Understanding the crystal structure of metal-organic framework thin film and the structural correlation with the underlying substrates

Metal-organic frameworks (MOFs) are nanoporous materials that are composed of metal ions connected with organic ligands leading to an ordered pore topology. Recently, we have developed a novel technique utilizing epitaxial substrates which promote in-plane nucleation and growth of 2D zeolitic imidazolate framework (ZIF) and succeeded in solving the structure of our 2DZIF film, which is different from its known 3D analog. We have extended the crystallization strategy to other promising MOFs (UiO-66-NH2, ZIF-7, CALF-20, MIL-53, MIL-101). Owing to the fact that MOFs are not stable under electron beam, we could not get the comprehensive understanding of 2D MOF structure including the in-plane and out-plane information. In particular, we are very interested in solving their crystal structure to understand the similarities and differences of the structure of 2D films and their 3D analog, and the correlation between orientation of 2D films and their underlying substrates.

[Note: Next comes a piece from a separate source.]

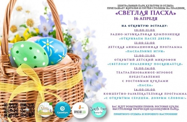 Праздничная программа "Светлая Пасха" состоится в ЦПКиО в ближайшее воскресенье,16 апреля, на открытой эстраде.

金属有机框架（Metal-organic frameworks, MOFs）是一类由金属离子与有机配体连接而成的纳米多孔材料，具有有序的孔拓扑结构。近期，我们开发了一种利用外延衬底的新型技术，该技术可促进二维沸石咪唑酯骨架（2D zeolitic imidazolate framework, ZIF）的面内成核与生长，并成功解析了所制备的二维ZIF薄膜的晶体结构，该结构与已知的三维同构物存在显著差异。随后，我们将该结晶策略拓展至其他具备应用潜力的MOFs材料，包括UiO-66-NH2、ZIF-7、CALF-20、MIL-53以及MIL-101。鉴于MOFs在电子束辐照下不稳定，我们无法全面获取二维MOF的完整结构信息，包括面内与面外结构特征。具体而言，我们亟需解析其晶体结构，以明确二维薄膜与其三维同构物的结构异同，以及二维薄膜的取向与底层衬底之间的内在关联。